Daisy leaps from the inn’s roof, arms pinwheeling as she lands. “Not bad, right?” She asks, throwing an arm over Alice’s shoulder. The witchling shies slightly from the contact, but doesn’t pull away. As the 3 of you make your way down to the river, you do your best to fill Daisy in. She’s a very good listener, oohing and ahhing at all the right parts, and pulling Alice into a crushing hug when she hears about the attempted wine theft. “And to think I was wasting my time with Mr. city slicker,” she grouches. “I should stick with y’all more.”
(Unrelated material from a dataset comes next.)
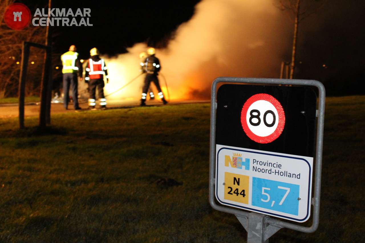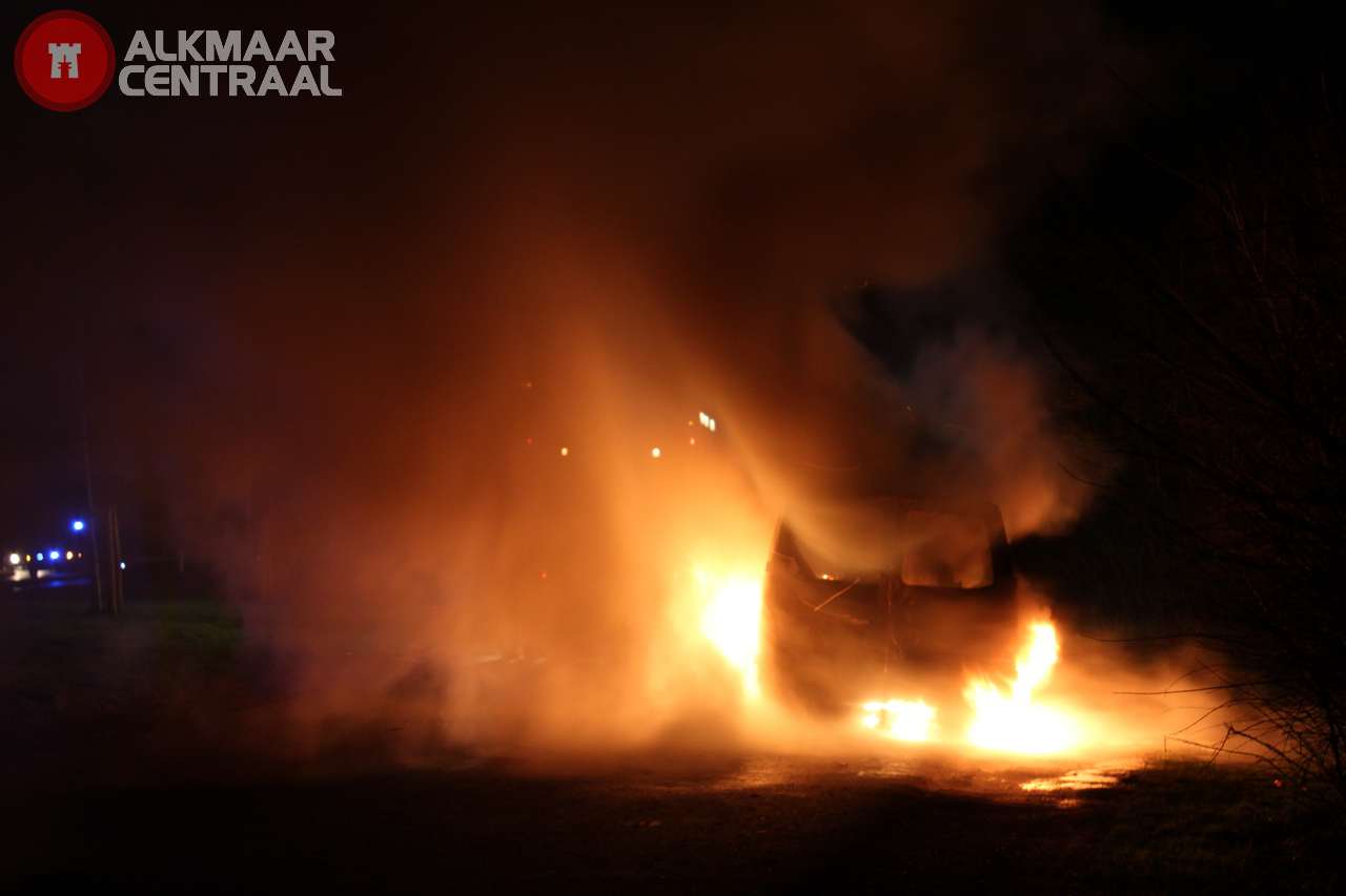 Alkmaar, 20 december 2013. In de nacht van donderdag op vrijdag hebben voorbijgangers tussen Alkmaar en Graft-De Rijp een brandende auto gevonden. Getuigen hadden kort daarvoor een witte BMW met hoge snelheid van de locatie langs de N244 (Westdijk) zien wegrijden. Toen de gealarmeerde brandweer ter plaatse kwam en begon met blussen, werd al snel duidelijk dat het om een achtergelaten en gestripte bestelbus ging. Onder andere de drie deuren ontbraken. De politie is op zoek naar getuigen of mensen die meer kunnen vertellen over deze voertuigbrand.

Ms. Betty at the river owns a small hut on the bank that looks straight out of a storybook, squat and round, built from thick grey bricks that has vines and plants growing from the cracks between them. The roof is covered in grass, so that from the wrong angle you might thinking the hut nothing more than a small hill.

You’re a few dozen feet from the door when you hear an ear-splitting scream, as if someone inside is being ripped apart. The 3 of you share a look, and then the three of you are sprinting.

You throw the door open with your shoulder, bursting into the hut without breaking stride. The interior is dim and musty, lines of light streaming in through slats in the window. The walls are covered in paints, carvings and baubles, and a ramshackle bookshelf holds 6 tomes bound in leather, each more wicked-looking than the last. No wonder the townsfolk are suspicious of magic, if this how a supposedly friendly witch presents herself.

Your attention is torn from the decor by two shapes in the back corner. You see Ms. Betty at the river hunched over the bed, muttering to herself, hands stained red with blood. On the bed in front of her is Darla, still screaming her lungs out and very much in labor.

You just barely manage not to vomit.

Ms. Betty at the river rounds on you, eyes shining in the dim light. “Scatterly wreckenson!” She shouts, sending you stumbling backwards into Daisy and Alice, who have followed you inside. “Dawdlesome cease it! Usenfy yourself!”

“What are you saying?” You ask, before remembering that Ms. Betty at the river has never once spoken a coherent sentence as long as you’ve known her. “WHY ARE YOU LIKE THIS?”

“She says stop standing around and help!” Daisy says, pushing past you. “Darla’s hurting!”

You whirl to Alice, who is looking about as green as you feel. “This wasn’t what I had in mind when I asked for adventure!”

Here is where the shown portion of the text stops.